EXERCISE DESCRIPTION. Set down exactly the lines from the one containing "羊肉蓋飯(正常),55元,滿" to the final line of the records below, with every picture omitted.

DATA SHOWN.

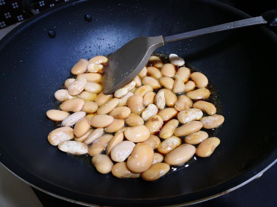 1.先將大白豆浸泡後,放到高壓鍋中煮軟,然後撈出備用。
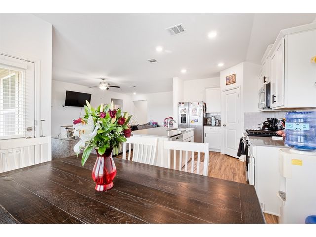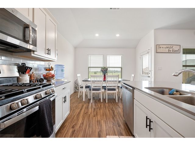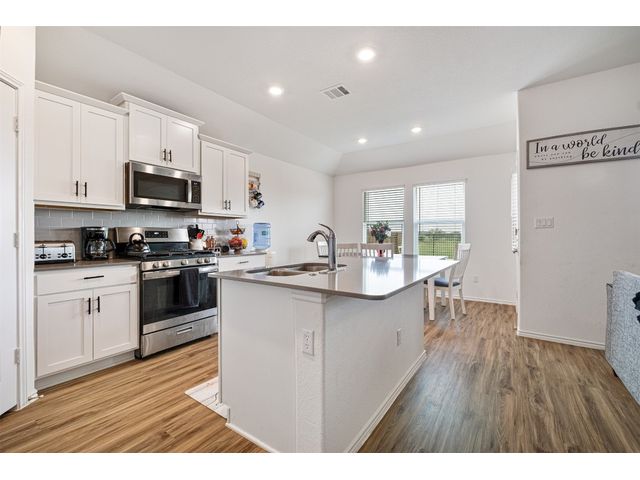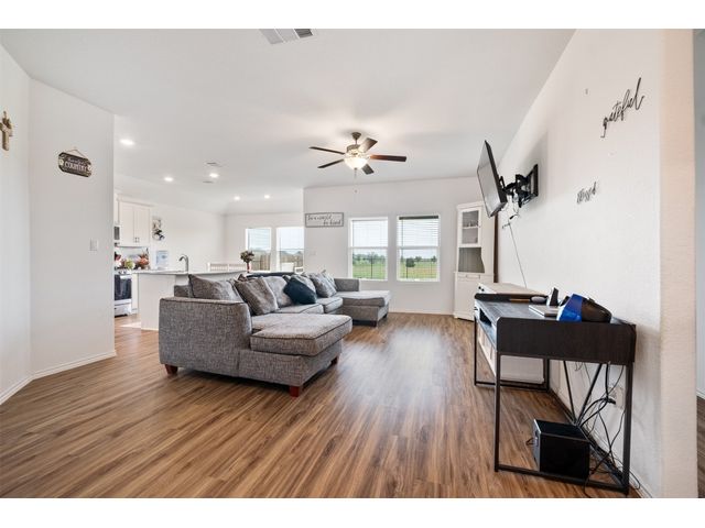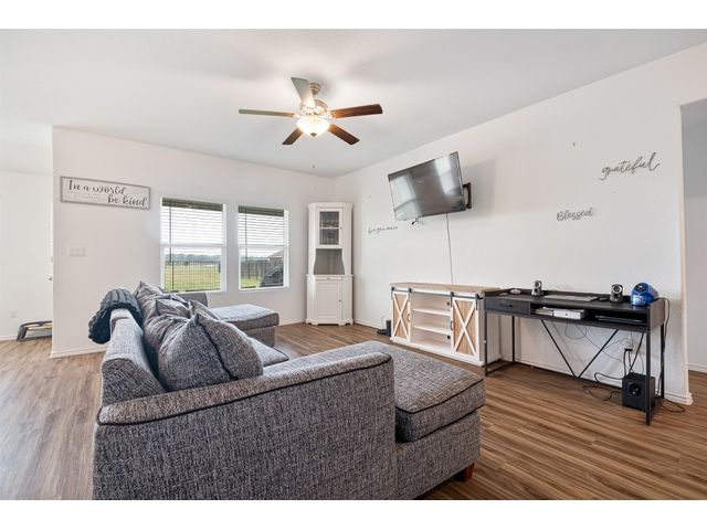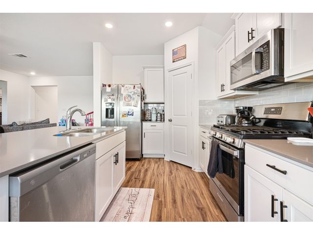 Welcome to this lovely single-family home located in a highly sought-after neighborhood, where the perfect combination of comfort and convenience awaits you. As you step into this beautiful home, you will immediately notice the thoughtful design and inviting atmosphere. Boasting 3 bedrooms, 2 bathrooms, and a flex space, this residence offers ample space for your family to enjoy. The interior features a range of upgrades that enhance the beauty and functionality of the home. The spacious and well-equipped kitchen, complete with a center island, provides ample room for meal preparation and entertainment. The quartz countertops complement the stainless steel appliances, creating a space that is both stylish and easy to maintain. The open-concept design seamlessly connects the kitchen to the dining area and living room, allowing for cohesive and inclusive gatherings. For those who love spending time outdoors, the backyard offers endless possibilities, from hosting barbecues to simply enjoying the view of the walking trails beyond. This home is further equipped with modern conveniences to ensure comfort and security. A Ring doorbell, thermostat, and security system provide remote control and monitoring capabilities. But the home's appeal extends far beyond the boundaries of its four walls. Residents have exclusive access to a variety of community amenities, including a pool, state-of-the-art play structure, extensive walking trails, and Greenbelt dog park. Additionally, pickleball courts provide a great outlet for some friendly competition, neighborhood picnic tables offer an opportunity to socialize and unwind with family and friends, and the new elementary school will be a welcome addition to our BISD schools. Don't miss this incredible opportunity to own a home that effortlessly combines style, comfort, and an array of amenities. Contact us today to schedule your tour and start envisioning the life you could lead in this remarkable property.
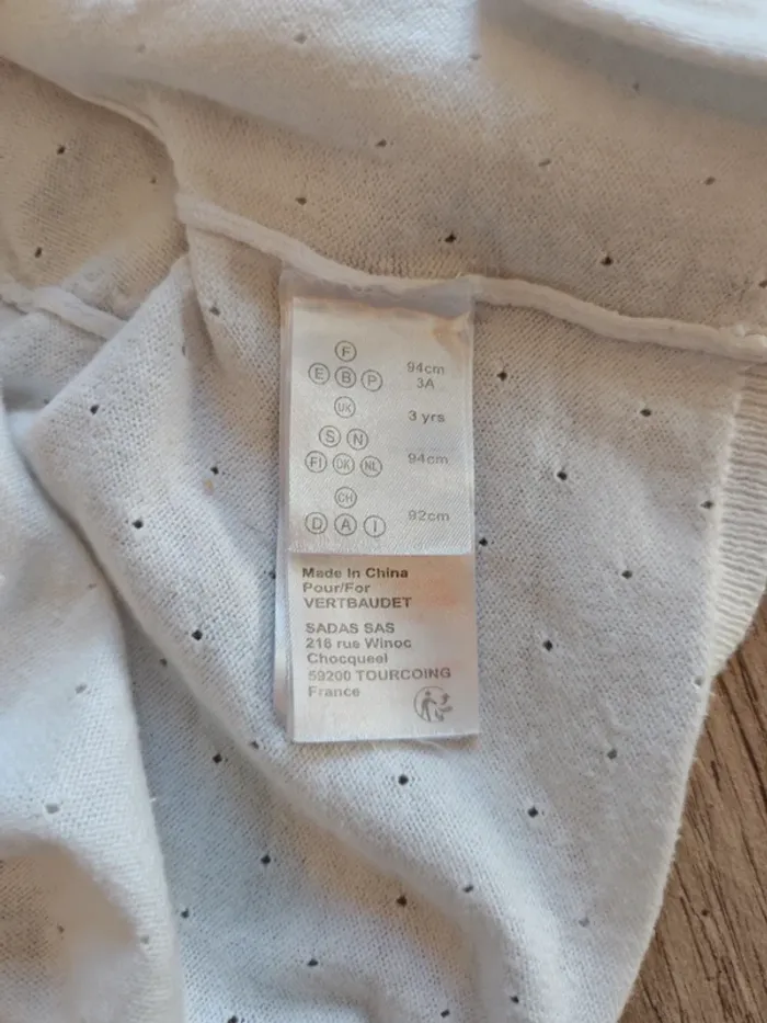 Boléro blanc à boutons, Verbaudet 3 ans ↪️ N'hésitez pas à créer un lot pour obtenir une réduction 🤗
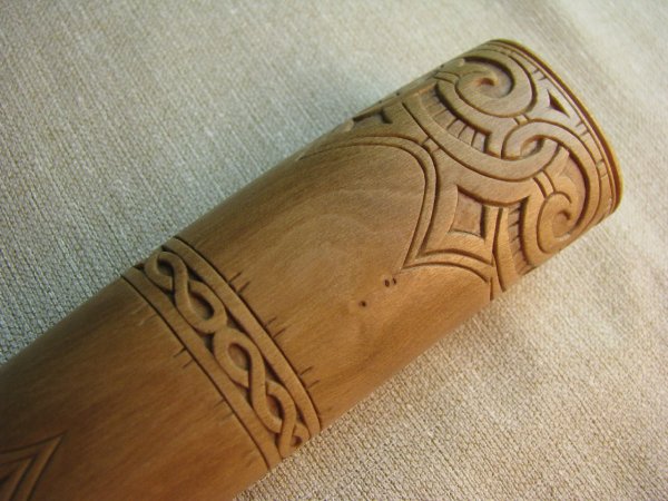 Закончив с плоскорельефной резьбой, начинаю накладывать фаску на всечку, которая в процессе переплетения с резьбой имеет нечёткие края.
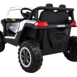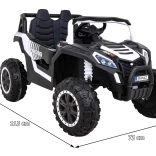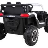 De Buggy UTV 2000M is een krachtige accu-aangedreven kinderauto, ontworpen voor plezier buiten en op de binnenplaats. Dankzij vier motoren en 12 V voeding levert hij betrouwbare tractie, een schokvrije, soepele start en stabiliteit, zelfs op ongelijk terrein. De grote EVA-schuimbanden dempen trillingen uitstekend en de achterdempers vergroten het rijcomfort.
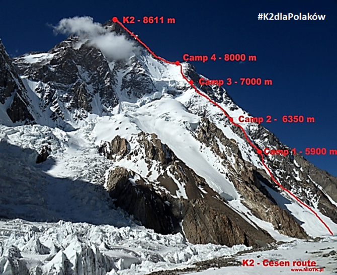 Поляки будут восходить по юго-восточному контрфорсу, по так называемому маршруту басков, или по линии Чесена (фото Марчин Мётк). Линия идёт по контрфорсу между линией Кукучка-Петровски и ребром Абруцци. На высоте около 8000 м, между так называемой Чёрной Пирамидой и Шейкой (Бутылочным горлом?), в районе расположения будущего лагеря IV контрфорс соединяется с Ребром Абруцци.
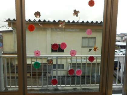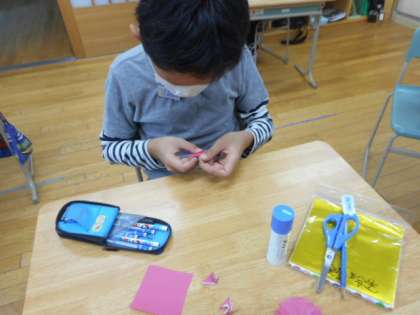 みんなで花の飾りをつくりました。きれいに折ったり切ったりすることを目当てに取り組みました。なかなか角や辺と辺が合わなくて四苦八苦する場面もありましたが、「きれいに折ってきれいな飾りをつくりたい」という気持ちが伝わってきました。早速教室に飾ると、満足そうにしていました。
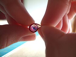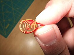 | + | Image:Paper quilling 4.jpg|4. Now, slip the tight circle off the quilling wand and... voila!! You have made a tight circle. | ||
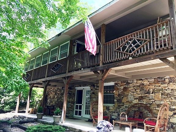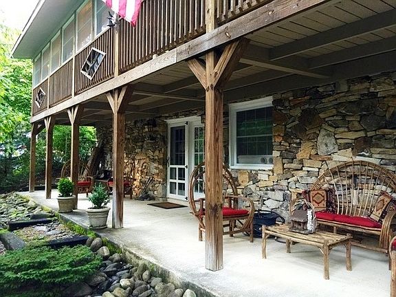 Wonderful, nestled in the woods, FURNISHED 4 bed 2 bath mountain cabin with rock and hemlock exterior, 2 fireplaces, hickory scraped wood floors, custom oak cabinetry, granite counters, modern kitchen, great room, and spacious dining area with unique bark walls; ground level wet bar with mother-in-law suite potential! Split floor plan with 2 bedrooms on each level. Dual compressors for the mini-splits! Setting is absolutely stunning -- you can hear the South Toe River below, with some of the best trout waters in the US just yards away. Walk to one of the nation's finest golf courses. Almost surrounded by National and State Forests. Minutes to the Blue Ridge Parkway. Less than an hour to Asheville or Boone/Blowing Rock.
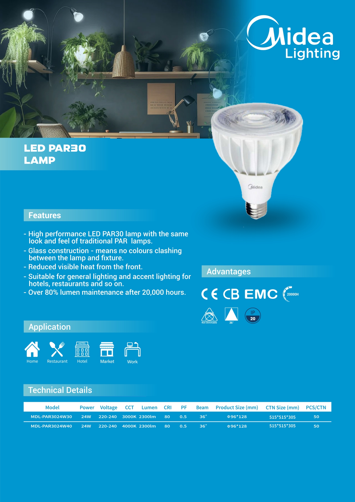 The MIDEA LED PAR30 BULB 240V 24W 2300LM 20,000HRS IP20 CRI80 [3000K/4000K] is a high-performance lighting solution designed for powerful and focused illumination in both residential and commercial settings. With its PAR30 design, this LED bulb is ideal for spotlighting, track lighting, and accent lighting applications.
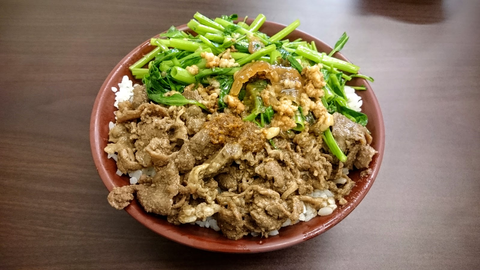 羊肉蓋飯(正常),55元,滿滿的羊肉和滿滿的空心菜,營養都顧到了,下面是滿滿的飯,完全沒有空心,羊肉本身滿軟嫩,不過羊味明顯,配沙茶吃很下飯,空心菜份量應該也是外面小吃店30元的份量,給的很夠,上面有淋滷肉,也是不差。
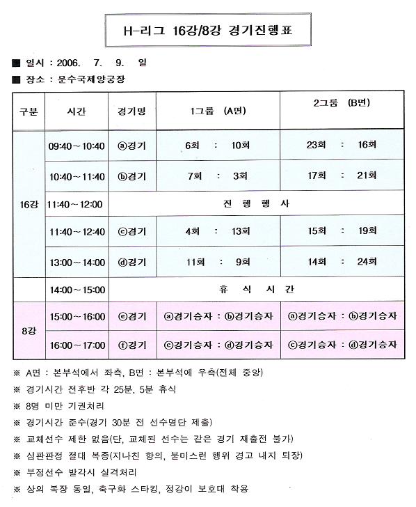 H-리그(16/8강 경기진행표)
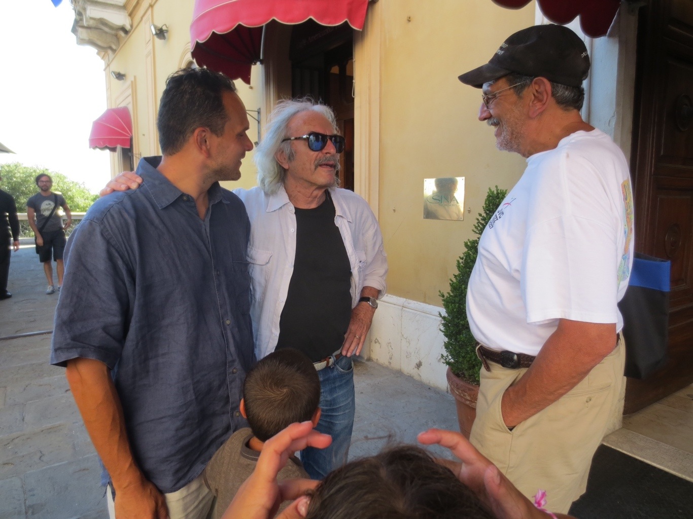 We did some shopping in the city center (a Furla bag for me, Benetton clothes for the kids, and more Stefanel purchases since their 50% off sale started a few days ago.) While relaxing outside the Brufani Hotel, we met Enrico Rava, a famous Italian jazz trumpeter. Papa told him about the time he saw him perform in Montreal, and Mr. Rava was very sweet with the kids. We saw his pictures on the wall in a nearby cafe next to Carlos Santana and other musicians.
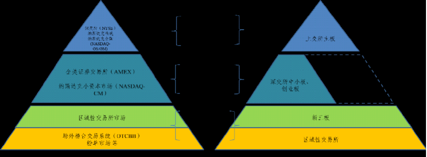 中国欠发达的境内资本市场是股本融资规模难以得到快速发展的重要原因。美国已经形成了高度成熟的多层次资本市场体系,较为成熟的大型企业可以通过纽交所和纳斯达克等交易所进行融资,对于中小型企业,则可以选择小型的区域交易所进行融资,此外还有场外柜台交易系统、粉单市场等可供选择。相较而言,中国的多层次资本市场建设较为缓慢,2004年设立中小板,开始尝试放松企业上市制度以实现资本市场扩容;2009年设立创业板,定位于面向科技行业企业的场内交易市场,正式拉开了中国多层次资本市场建设的序幕。但截至目前,这一探索没有取得良好成效,创业板并没有在定位上和主板体现出差异性。例如从创业板上市公司的市值结构看,制造业企业占据了创业板62%的市值和约70%的上市公司家数,并没有体现出明显的科技企业融资市场定位。
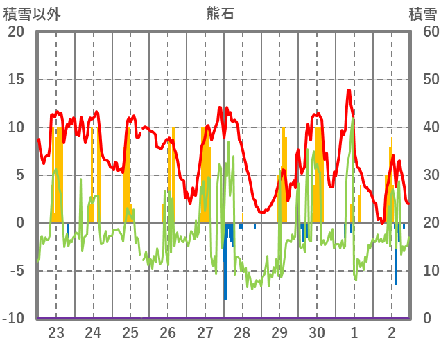 | 日 | 時 | 気温 | 降水 | 風向/風速 | 日照 | 積雪 | 降雪 |
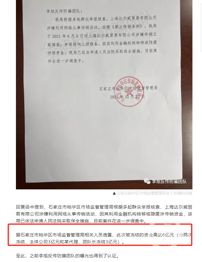 在长期揭露“TST庭秘密”的李旭反传防骗团队的公众号上,上游新闻记者看到发表于12月24日以《来!了!“TST庭秘密”涉嫌传销资金被冻结,官方回应属实》为题的文章,文章指出,石家庄有关部门对其举报已做了回复。文章指出,据石家庄市裕华区市场监督管理局相关人员透露,此次被冻结的资金高达6亿元(分两次冻结,主体公司3亿元和某代理、团队长冻结3亿元)。

EXERCISE RESULT.
 羊肉蓋飯(正常),55元,滿滿的羊肉和滿滿的空心菜,營養都顧到了,下面是滿滿的飯,完全沒有空心,羊肉本身滿軟嫩,不過羊味明顯,配沙茶吃很下飯,空心菜份量應該也是外面小吃店30元的份量,給的很夠,上面有淋滷肉,也是不差。
 H-리그(16/8강 경기진행표)
 We did some shopping in the city center (a Furla bag for me, Benetton clothes for the kids, and more Stefanel purchases since their 50% off sale started a few days ago.) While relaxing outside the Brufani Hotel, we met Enrico Rava, a famous Italian jazz trumpeter. Papa told him about the time he saw him perform in Montreal, and Mr. Rava was very sweet with the kids. We saw his pictures on the wall in a nearby cafe next to Carlos Santana and other musicians.
 中国欠发达的境内资本市场是股本融资规模难以得到快速发展的重要原因。美国已经形成了高度成熟的多层次资本市场体系,较为成熟的大型企业可以通过纽交所和纳斯达克等交易所进行融资,对于中小型企业,则可以选择小型的区域交易所进行融资,此外还有场外柜台交易系统、粉单市场等可供选择。相较而言,中国的多层次资本市场建设较为缓慢,2004年设立中小板,开始尝试放松企业上市制度以实现资本市场扩容;2009年设立创业板,定位于面向科技行业企业的场内交易市场,正式拉开了中国多层次资本市场建设的序幕。但截至目前,这一探索没有取得良好成效,创业板并没有在定位上和主板体现出差异性。例如从创业板上市公司的市值结构看,制造业企业占据了创业板62%的市值和约70%的上市公司家数,并没有体现出明显的科技企业融资市场定位。
 | 日 | 時 | 気温 | 降水 | 風向/風速 | 日照 | 積雪 | 降雪 |
 在长期揭露“TST庭秘密”的李旭反传防骗团队的公众号上,上游新闻记者看到发表于12月24日以《来!了!“TST庭秘密”涉嫌传销资金被冻结,官方回应属实》为题的文章,文章指出,石家庄有关部门对其举报已做了回复。文章指出,据石家庄市裕华区市场监督管理局相关人员透露,此次被冻结的资金高达6亿元(分两次冻结,主体公司3亿元和某代理、团队长冻结3亿元)。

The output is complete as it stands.